Меня часто спрашивают (мимоходом, для галочки): что в «Апельсинах» правда, а что нет? Работала ли я в похоронном бюро? Правда ли водила фургончик с мороженым? Существовал ли шатер Благой вести? Миссис Уинтерсон действительно собрала собственную радиостанцию? Она в самом деле глушила мартовских котов из рогатки?

На эти вопросы ответить я не могу. Но могу сказать, что в «Апельсинах» есть персонаж по имени Глаголющая Элси: она приглядывает за маленькой Джанет и действует как буфер, защита от обид и карающей силы Матери.

Я вписала ее в книгу, потому что не могла от нее отказаться. Я вписала ее, потому что изо всех сил хотела, чтобы она была. Одинокие дети находят себе воображаемого друга.

Никакой Элси не было. И не было никого, кто был бы на нее похож. В действительности мой мир был куда более одиноким.

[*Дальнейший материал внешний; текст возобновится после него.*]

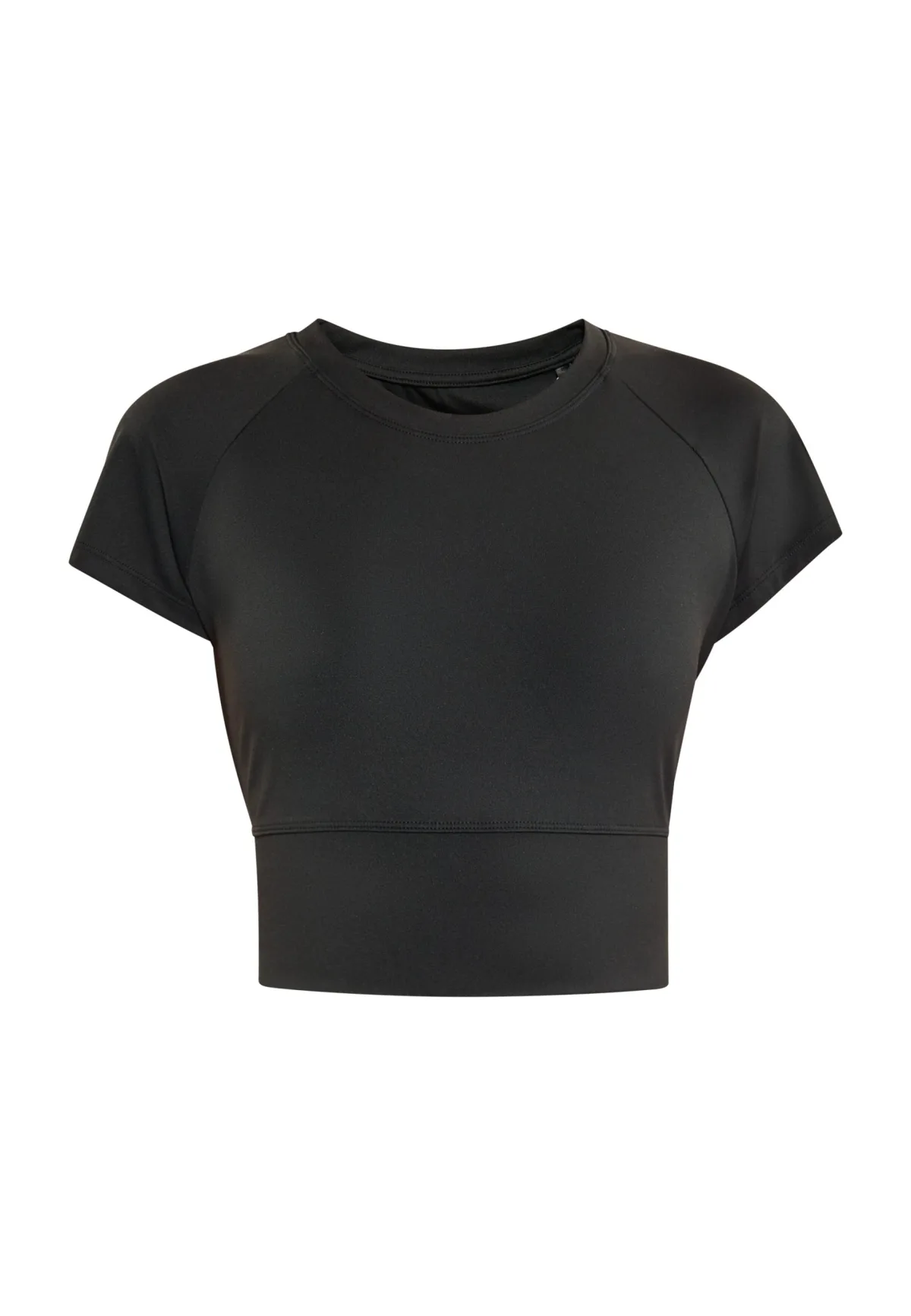 Geef je athleisure-garderobe een boost met dit sportieve crop-T-shirt. Het elastische crop-T-shirt heeft een getailleerd silhouet, ingezette korte mouwen en een ronde halslijn voor een goede pasvorm. Perfect voor yoga of vrijetijdskleding. Blijf comfortabel en stijlvol in deze athleisure-kleding. Top

Перемены я проводила сидя на перилах в школьном дворе. Я не была популярной или симпатичной девочкой – слишком колючая, слишком взрывная, слишком чувствительная, слишком странная. Хождение в церковь не способствовало дружбе с одноклассниками, а в школе издевались над теми, кто отличался от большинства. Вышитую на моей сумке фразу «ПРОШЛА ЖАТВА, КОНЧИЛОСЬ ЛЕТО, А МЫ НЕ СПАСЕНЫ»[2] было видно издалека.

Но даже когда мне удавалось завести друзей, я сама всё нарочно портила…

Если какая-нибудь девочка проявляла ко мне интерес, я дожидалась удобного момента и застигала ее врасплох заявлением, что больше не хочу с ней дружить. Наблюдала за ее замешательством и горем. Смотрела, как она плакала. А потом убегала, торжествуя, что держу всё под контролем, но торжество и ощущение власти над ситуацией быстро улетучивались, и тогда рыдала уже я – ведь я сама выгоняла себя из дома, снова оказываясь на ступеньках крыльца, где вовсе не хотела находиться.

Приемный ребенок – всегда чужак. Ты не чувствуешь принадлежности к группе и ведешь себя соответственно. В результате ты поступаешь с другими так, как другие поступали с тобой. Невозможно поверить, что тебя любят просто за то, что ты – это ты.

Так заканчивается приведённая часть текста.